As of late 2022, two state and 32 local governments have established BPS to meet carbon reduction goals by 2050, with interim targets in 2030 and 2040. For example, Washington, D.C. requires owners of commercial buildings larger than 25,000 sq. ft. to benchmark their annual energy and water usage. Failure to comply results in a $100-per-day fine. Two more state and nine local governments plan to do the same by 2024.
To further strengthen BPS, the federal government launched the National Building Performance Standards Coalition, a partnership among local governments to scale programs and policies that reduce emissions in buildings. The coalition aims to achieve BPS legislation adoption by Earth Day 2024.
Figure 30: U.S. Building Performance Standards
Source: CBRE Econometric Advisors, Q4 2022.
Proposed ESG rules for U.S. investors
The Securities and Exchange Commission (SEC) recently proposed a rule regarding decarbonization and climate resilience that would require climate disclosures from SEC-registered entities. This rule provides direction, standardization and enhancements to climate-related disclosures that tie a company’s climate risk to its financial risk. In essence, the proposal shifts climate strategy to the boardroom and the C-suite, treating climate risk as a business issue.
The Carbon Risk Real Estate Monitor (CRREM) further scrutinizes carbon emissions on a geographical and sector-specific basis. Energy-intensive real estate sectors (e.g., leisure, lodging and shopping centers) have higher carbon reduction requirements than warehouses or multifamily. By geography, cities with more modern buildings like San Diego and San Francisco have lower carbon reduction requirements than those with older inventory like Boston, Chicago and Philadelphia.
For the best outcomes, companies should take a portfolio-wide approach to decarbonization, considering every building and its alignment with client environmental responsibility goals.
Figure 31: Carbon Reduction Requirements by Sector & City
Sources: CRREM, CBRE Econometric Advisors, Q4 2022.
* Calculated using unweighted average of sectors & cities.

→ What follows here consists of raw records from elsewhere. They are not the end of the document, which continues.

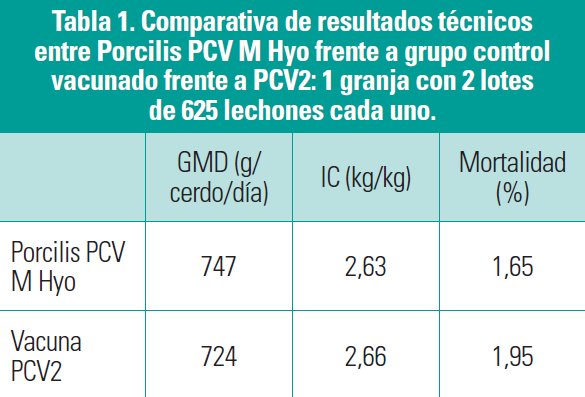 ■■ La tabla 1 resume los resultados técnicos de la granja en la que se vacunaron los cerdos del grupo control solamente frente a PCV2 a los 24 días de edad. Después de la vacunación con Porcilis PCV M Hyo mejoraron GMD, IC y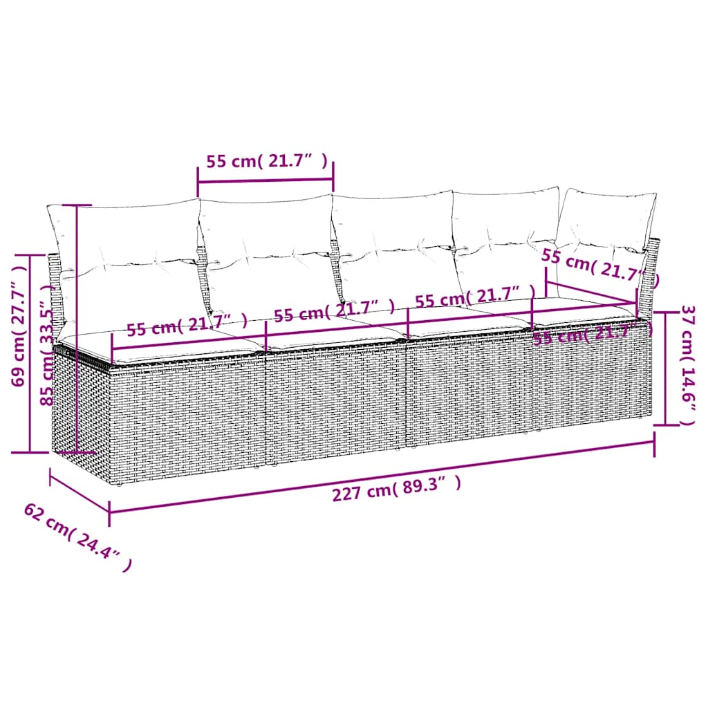 Entspanne dich und genieße die Natur auf diesem bequemen 4-Sitzer-Gartensofa! Langlebiges Material: PE-Rattan, auch als Poly Rattan bekannt, ist ein robustes, pflegeleichtes synthetisches Material, das die Optik von natürlichem Rattan aufweist. Es kennzeichnet sich durch ein geringes Eigengewicht und lässt sich einfach reinigen. Aufgrund seiner Haltbarkeit und Witterungsbeständigkeit wird es häufig bei der Herstellung von Gartenmöbeln verwendet.Bequemes Sitzerlebnis: Dieser Gartensessel mit dick gepolsterten Kissen bietet ein angenehmes Sitzgefühl.Abnehmbarer und waschbarer Bezug: Diese Sitzkissen verfügen über abnehmbare Bezüge für einfaches Waschen und Pflegen.Modulares Design: Dank des modularen Designs lassen sich die Gartenmöbel völlig flexibel und einfach umstellen, um deinen Außenbereich ganz individuell zu gestalten. Gut zu wissen:Wir empfehlen dir, deine Gartenmöbel mit einer wasserdichten Hülle zu schützen, um lange Zeit eine ansprechende Optik aufzuweisen.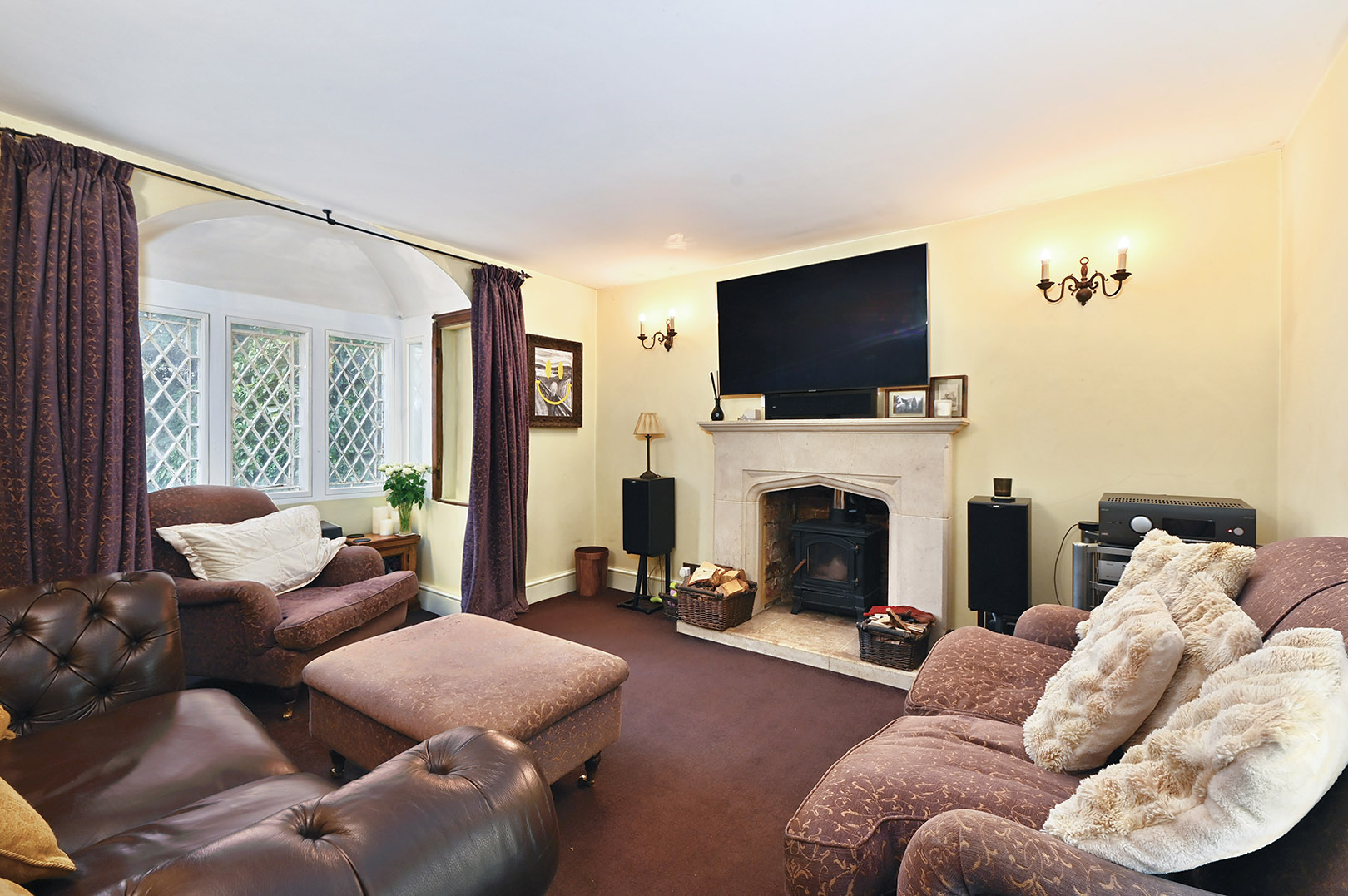 Carpeted, bay window to side, open fireplace in stone back and hearth.

Non-compliance will be costly
Failure to act will have two negative consequences. First, the liquidity of non-compliant buildings will dry up as investors' interest shifts to compliant buildings, resulting in price discounts. Second, tenants with environmental responsibility targets will reconsider their leases at renewal, leading to an increase in vacancies. Both will negatively impact asset value, so owners will need to proactively plan and invest in retrofits to meet regulations.
Trends to Watch
Tougher Emission Regulations
Investors are increasingly expecting climate transparency from companies. The SEC has proposed requiring climate disclosures from SEC-registered entities that will tie a company’s climate risk to its financial risk. This will help establish carbon reduction standards that will increase investor confidence in a company’s carbon emission mitigation efforts.
More Building Standards
Building performance standards will continue to evolve and gain importance in coming years as more state and local governments take steps to meet the country’s stated goal of at least a 50% reduction in carbon emissions before 2030. Capturing accurate data to measure total emissions within a real estate portfolio will be critical to demonstrate improvements to investors, occupiers and regulators.